EXERCISE DATA:
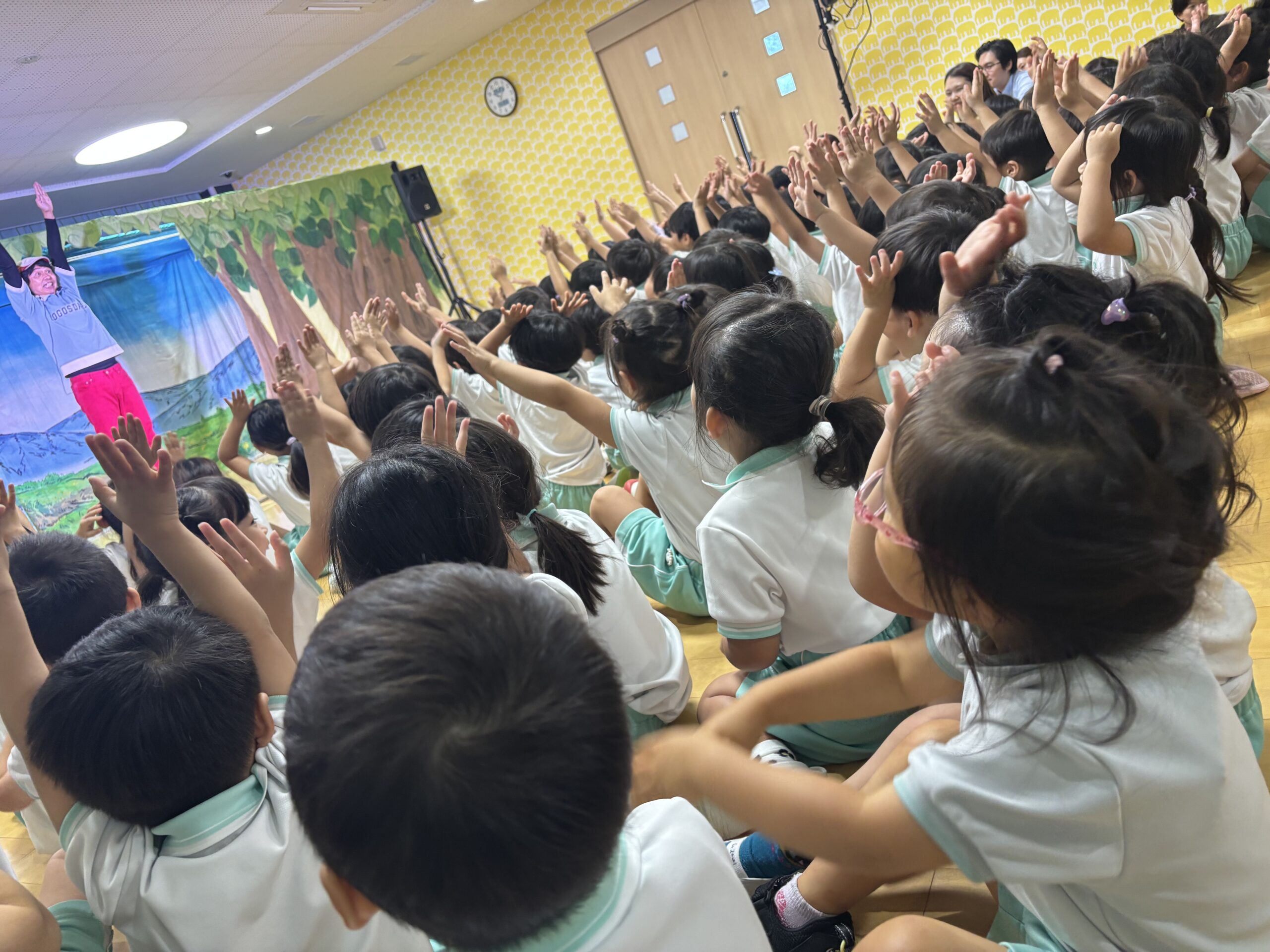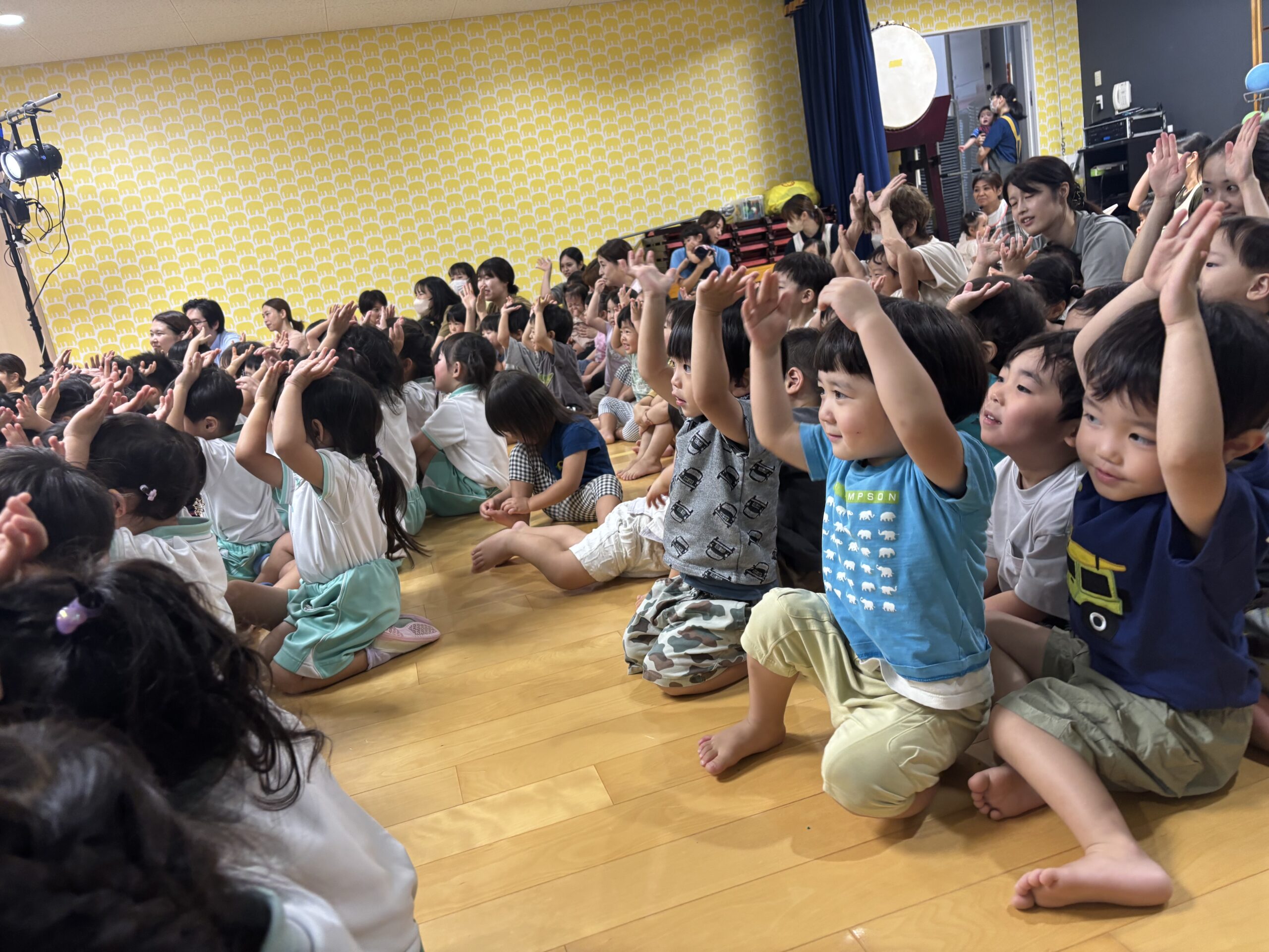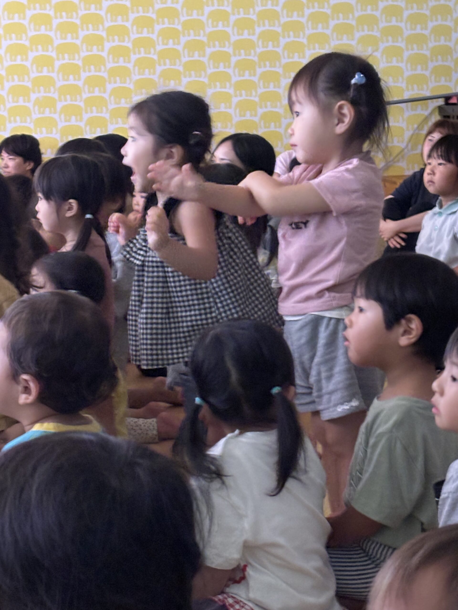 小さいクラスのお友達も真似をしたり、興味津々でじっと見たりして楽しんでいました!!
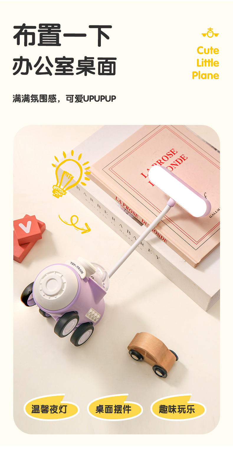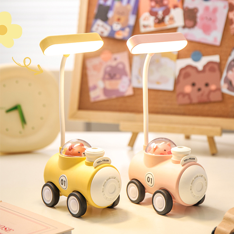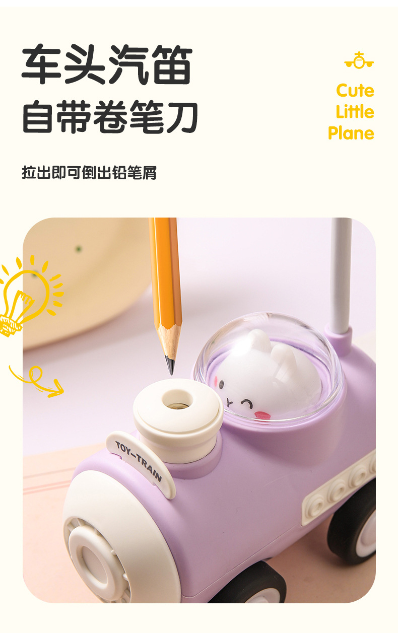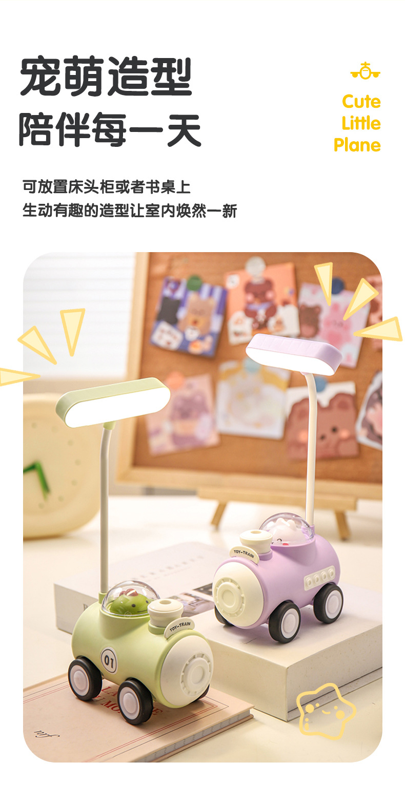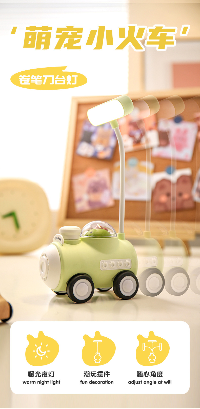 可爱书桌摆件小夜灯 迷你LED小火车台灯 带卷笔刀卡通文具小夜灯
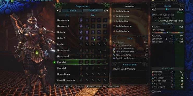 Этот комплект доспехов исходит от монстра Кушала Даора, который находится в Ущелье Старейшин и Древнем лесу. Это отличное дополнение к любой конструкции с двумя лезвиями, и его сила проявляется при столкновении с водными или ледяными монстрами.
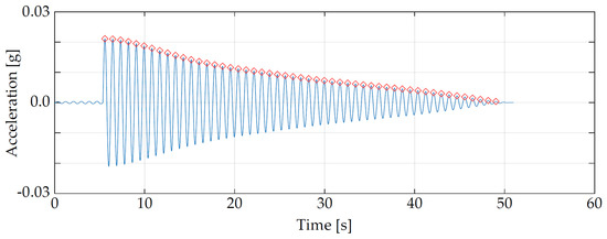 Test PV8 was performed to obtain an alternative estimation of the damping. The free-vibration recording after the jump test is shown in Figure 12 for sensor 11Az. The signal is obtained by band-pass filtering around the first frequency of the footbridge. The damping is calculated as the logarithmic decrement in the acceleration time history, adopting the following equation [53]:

TASK DIRECTIONS: Leave out the pictures. Transcribe only the lines above, from the first through the one that contains "可爱书桌摆件小夜灯 迷你LED小火车台灯 带卷笔刀卡通文具小夜灯".

SOLUTION BELOW:
 小さいクラスのお友達も真似をしたり、興味津々でじっと見たりして楽しんでいました!!
 可爱书桌摆件小夜灯 迷你LED小火车台灯 带卷笔刀卡通文具小夜灯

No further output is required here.